Actuellement, les produits fabriqués par SPPF sont destinés pour environ 60 % à la rénovation et pour 40 % à la construction neuve. L’entreprise fabrique et assemble des volets finis et fournit également des volets en kit pour des menuisiers fabricants.

L’entreprise fabrique environ un quart des 25 % des volets roulants pour blocs-baies produits en France — Photo : Olivier Hamard

Elle travaille pour tous les grands acteurs du secteur, installés pour beaucoup dans le grand Ouest.
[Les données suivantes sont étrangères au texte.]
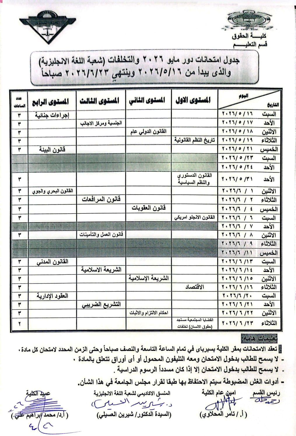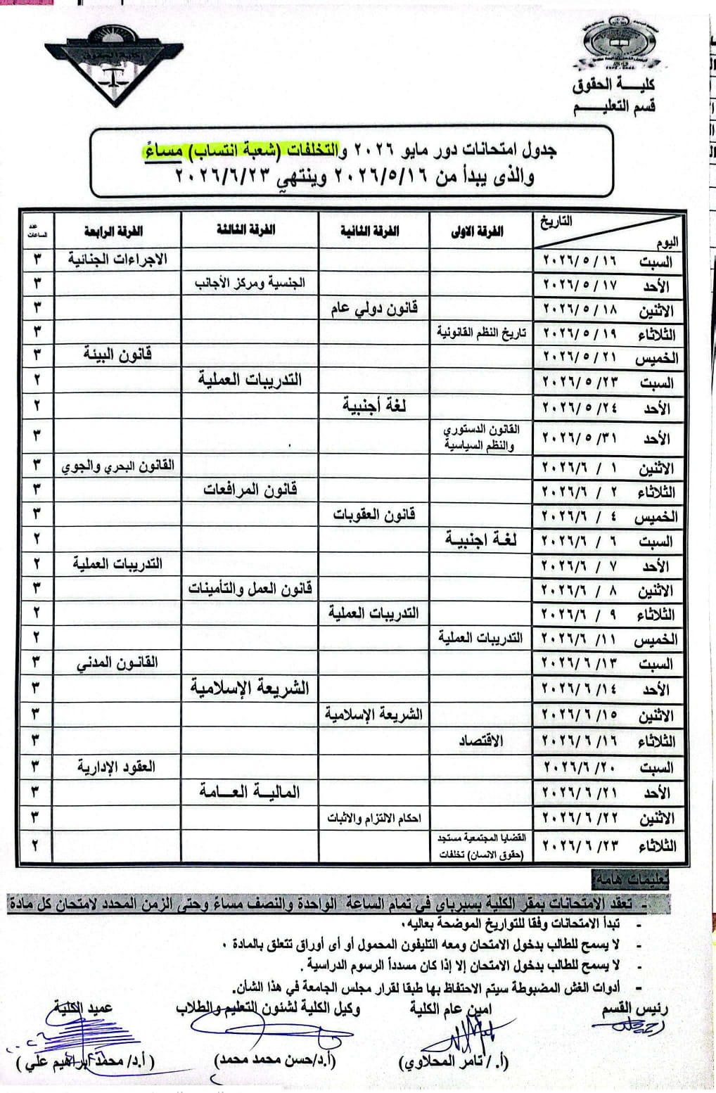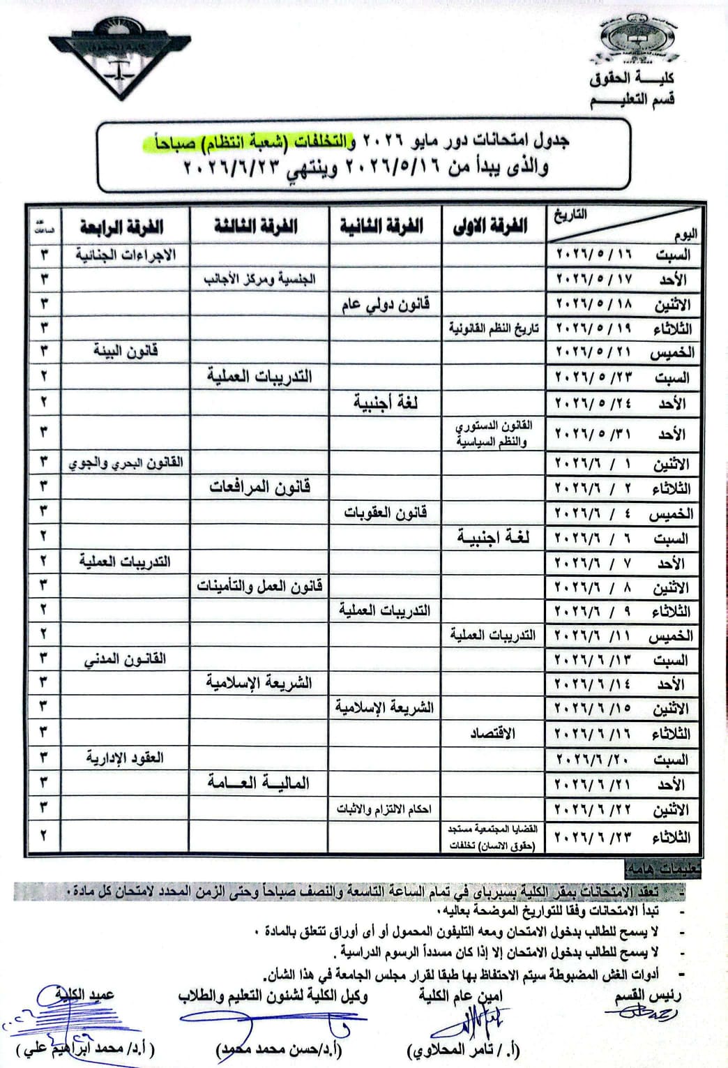 أعلنت كلية الحقوق جامعة طنطا جداول امتحانات الفصل الدراسي الثاني للعام الجامعي 2025/2026

Avec son investissement, la société choletaise s’est dotée d’une nouvelle feuille de route avec une stratégie reposant sur 5 axes : l’enrichissement de son offre de volets pour blocs-baies en développant l’innovation, comme avec des produits proposant des lames micro-perforées, la poursuite de sa croissance dans le domaine des volets roulants (hors blocs-baies), l’évolution de son offre en produits permettant la protection solaire, le développement du centre de production des produits en lancement pour l’ensemble du pôle ouest du groupe, et l’engagement pour le développement durable.

"Nous travaillons beaucoup sur la maîtrise des matières premières, indique Stéphane Jacquet, en recyclant l’intégralité de nos chutes de PVC et en intégrant dans nos filières de production une part de matière issue de la filière du recyclage des menuiseries dans nos fabrications. "
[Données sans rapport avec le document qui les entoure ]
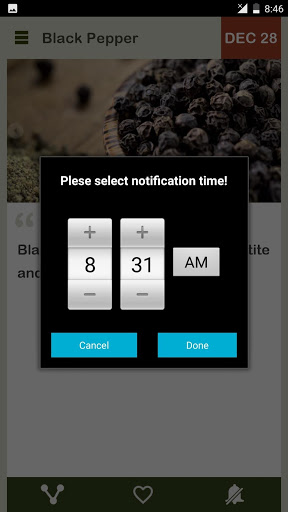 Download Black Pepper Daily, a beautiful designed, sleek simple app which brings you daily benefits of Black Pepper. Set your time, and receive notification at desired time of the day.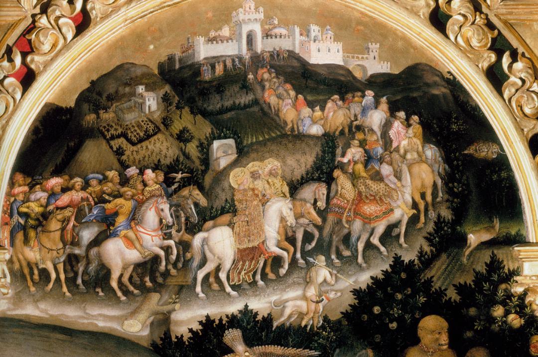 Entro l’arte di allora, i primi fanno trasportare in corteo i propri bauli carichi di merci preziose, mentre i secondi recano da sé pochi viveri e qualche fagotto

L’entreprise a également diminué la consommation de ses lignes d’extrusion et a réalisé en 2024 son premier bilan carbone. En juillet prochain, elle éditera sa première fiche de déclaration environnementale et sanitaire (FDES) pour son principal produit, le Thermobloc, et prévoit d’en éditer pour d’autres de ses productions.

Un engagement qui s’inscrit pleinement dans la politique environnementale du groupe Bouyer-Leroux, qui a engagé un plan d’investissement de 76 millions d’euros pour réduire son empreinte carbone. Il s’est fixé pour objectif d’atteindre 90 % de décarbonation de ses activités en 2027.